● PROVIDED DATA
* * * * * * * * *

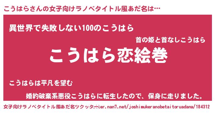 | 男性向けラノベタイトル風あだ名 | 『ノーゲーム・ノーコウハラ』 |
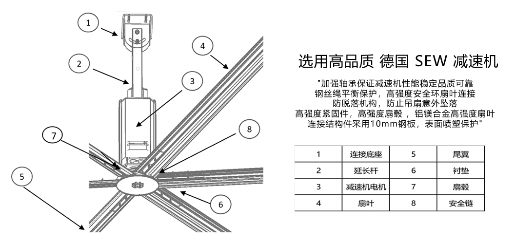 Apogee 減速機(jī)采用德國SEW減速一體機(jī),SKF加強(qiáng)型軸承,進(jìn)口雙油封,低噪音,可靠性高,相比感應(yīng)電機(jī)吊扇,重量減少25KG±,技術(shù)成熟產(chǎn)品,廣受市場好評(píng)。
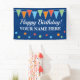 Custom Happy Birthday party banner with colourful bunting flags garland and confetti dots. Add your own name. Cheerful design with elegant typography template. Perfect for kids, friends, family, co worker, boss, husband, wife, dad, mum, teacher, colleague, nurse, employees, grandpa, grandma, children, business owner, etc. Personalised decorations for festive party. Also nice for anniversary, new year's even, corporate party, wedding or retirement celebration. Customisable colours.
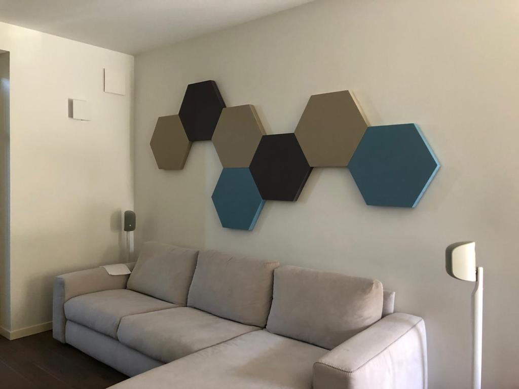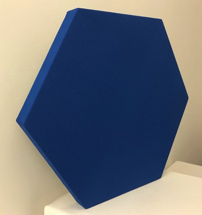 Pannelli fonoassorbenti a parete e soffitto esagonali, rivestiti in tessuto ignifugo senza pieghe o cuciture. Materiale atossico ed ecocompatibile certificato M1. Fino al 60% più efficaci (@500Hz) della fibra di poliestere o della spugna di poliuretano. Prodotto da noi in Italia, anche su misura. Consegna in : 7/15gg lavorativi dall’ordine.

* * * * * * * * *

● PROBLEM
What should appear is an exact reproduction of the lines from the one with "Custom Happy Birthday" through the end of the material above, and no pictures.

● SOLUTION FOR THIS TASK
 Custom Happy Birthday party banner with colourful bunting flags garland and confetti dots. Add your own name. Cheerful design with elegant typography template. Perfect for kids, friends, family, co worker, boss, husband, wife, dad, mum, teacher, colleague, nurse, employees, grandpa, grandma, children, business owner, etc. Personalised decorations for festive party. Also nice for anniversary, new year's even, corporate party, wedding or retirement celebration. Customisable colours.
 Pannelli fonoassorbenti a parete e soffitto esagonali, rivestiti in tessuto ignifugo senza pieghe o cuciture. Materiale atossico ed ecocompatibile certificato M1. Fino al 60% più efficaci (@500Hz) della fibra di poliestere o della spugna di poliuretano. Prodotto da noi in Italia, anche su misura. Consegna in : 7/15gg lavorativi dall’ordine.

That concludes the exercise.